Hannah Abrams hasst ihren Job. Und ihren Boss. Früher war sie bei der Metropolitan Police, heute schuftet sie in einem schmierigen Schnellimbiss – ihre Karriere bei der Polizei war beendet, als sie ihren Vorgesetzten in den Kanal geschubst hat. Wenn Hannah gerade keine Burger brät oder Frühstückssandwiches belegt, übernimmt sie als Privatdetektivin kleine Fälle: Entführte Hunde etwa oder abtrünnige Ehemänner.

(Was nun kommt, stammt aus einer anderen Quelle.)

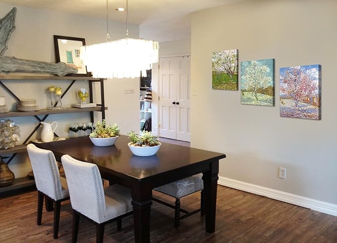 DECORARTS - Triptych (Orchard in Blossom, The pink peach tree, Peach Trees in Blossom), Vincent Van Gogh Art Reproduction. Giclee Canvas Prints Wall Art for Home Decor 20x16, 3pcs/set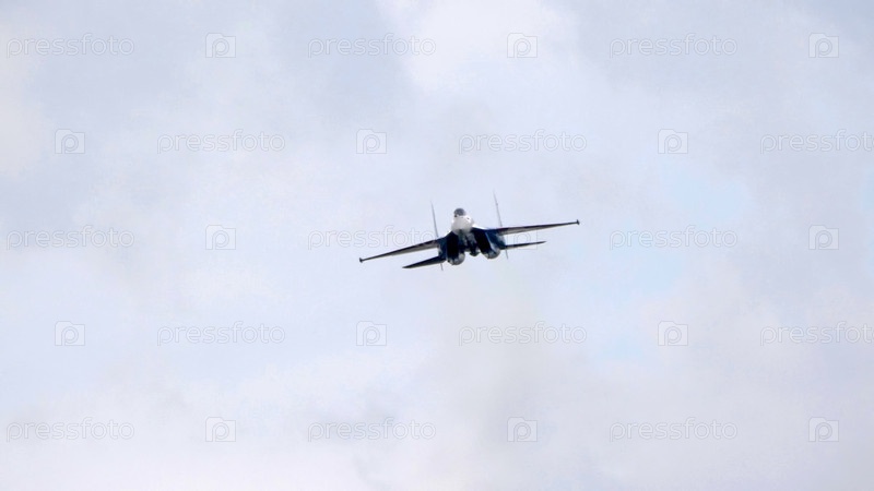 Москва Россия Аэродром Жуковский 25 июля 2021 года: Пилотажные группы Русские Витязи на самолетах Су-35 Международного аэрокосмического салона МАКС-2021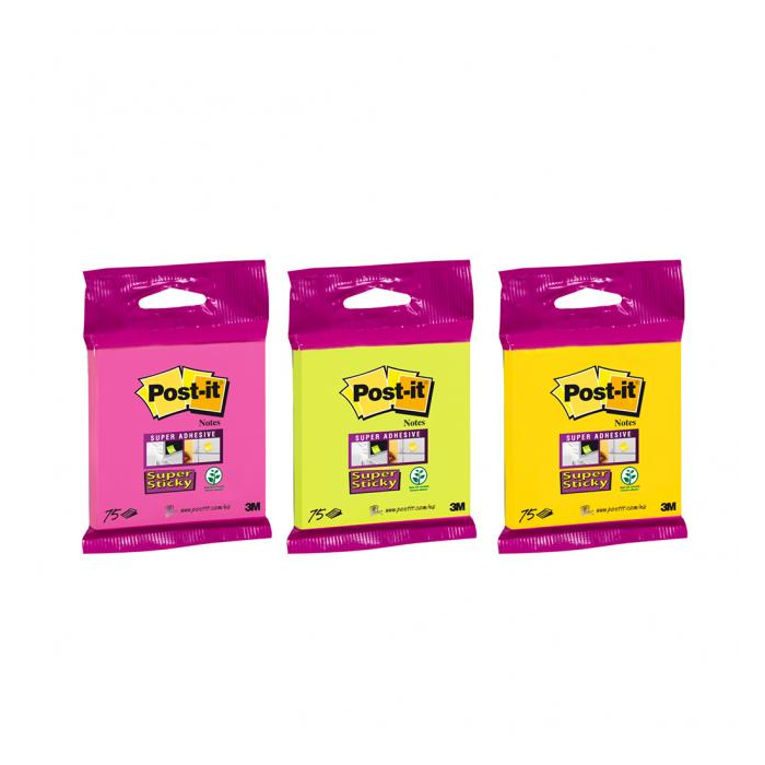 Bločky Post-it Super Sticky, rozmery 76x76mm, balenie 75 lístkov, farby ultra žltá, zelená alebo fuksiová. Dodávaný 1 kus bez možnosti výberu farby.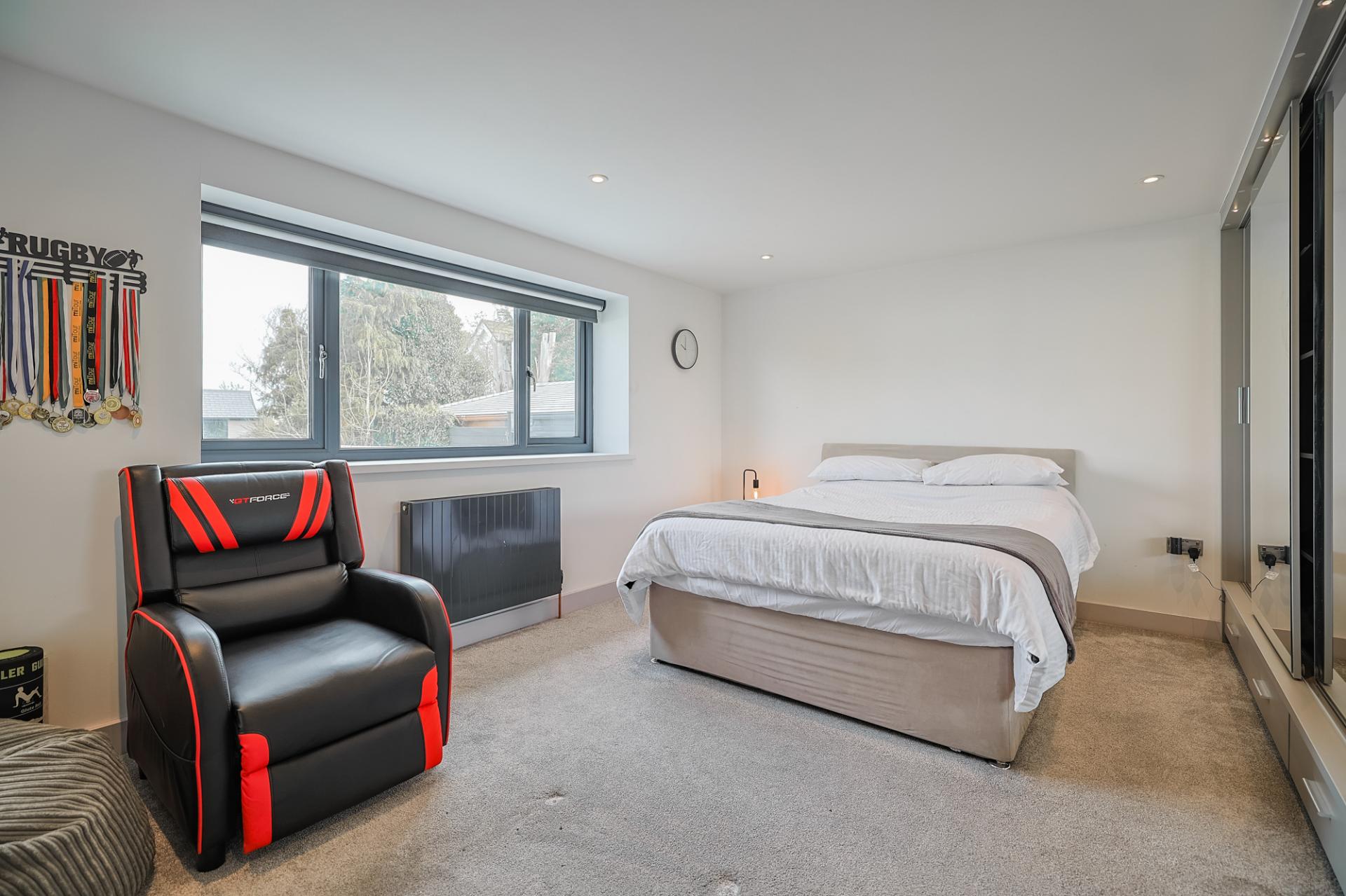 Situated to the rear of the home, this bright and peaceful bedroom features a large window overlooking the garden, fitted wardrobes with hanging rails and shelving, spotlighting, and carpeting.

Die Krimiautorin Liza Cody macht in „Die Schnellimbissdetektivin“ das, was sie am besten kann: Sie macht aus einem schnöden Kriminalroman „Literatur über Geknechtete, Gebeutelte und Loser“, so Verlegerin Else Laudan in ihrem Vorwort. Und von denen gibt es in „Die Schnellimbissdetektivin“ mehr als genug. Da ist zum Beispiel Hannahs Kollegin im „Sandwich Shack“, die so wenig Selbstbewusstsein und Zukunftschancen hat, dass sie sich mit dem blöden Chef Digby einlässt. Auch der ist eher ein armes Würstchen als der große Macker und Geschäftemacher, der er gerne wäre. Und da ist BZee, ein obdachloser Teenager, der Hannah bei ihren Ermittlungen zur Hand geht, solange dabei ein bisschen Geld und eine warme Mahlzeit rausspringt. Da sind auch die zahlreichen Klientinnen und Klienten der Schnellimbissdetektivin, von der betrogenen Ehefrau über den bestohlenen Kleingartenverein bis zum reichen Geschäftsmann, der seine junge Ehefrau sucht – sie alle sind so hervorragend gezeichnete Charaktere, dass ihre Fälle, die eigentlichen Krimihandlungen der Geschichte, fast in den Hintergrund treten. Und da sind ihre Gegenstücke im immer weiter gentrifizierten Londoner Süden: Hannahs Vermieterinnen, bei denen sie ein Zimmer hat und die Küche mitnutzen darf – außer um dort etwas Nichtveganes zuzubereiten. Und die reiche Nachbarschaft, die sich rund um die „Sandwich Shack“ einfindet, um beim „Großen Draußenschlaf“ einmal im Jahr Solidarität mit Obdachlosen zu demonstrieren, Wertmarken für ein Frühstück inklusive.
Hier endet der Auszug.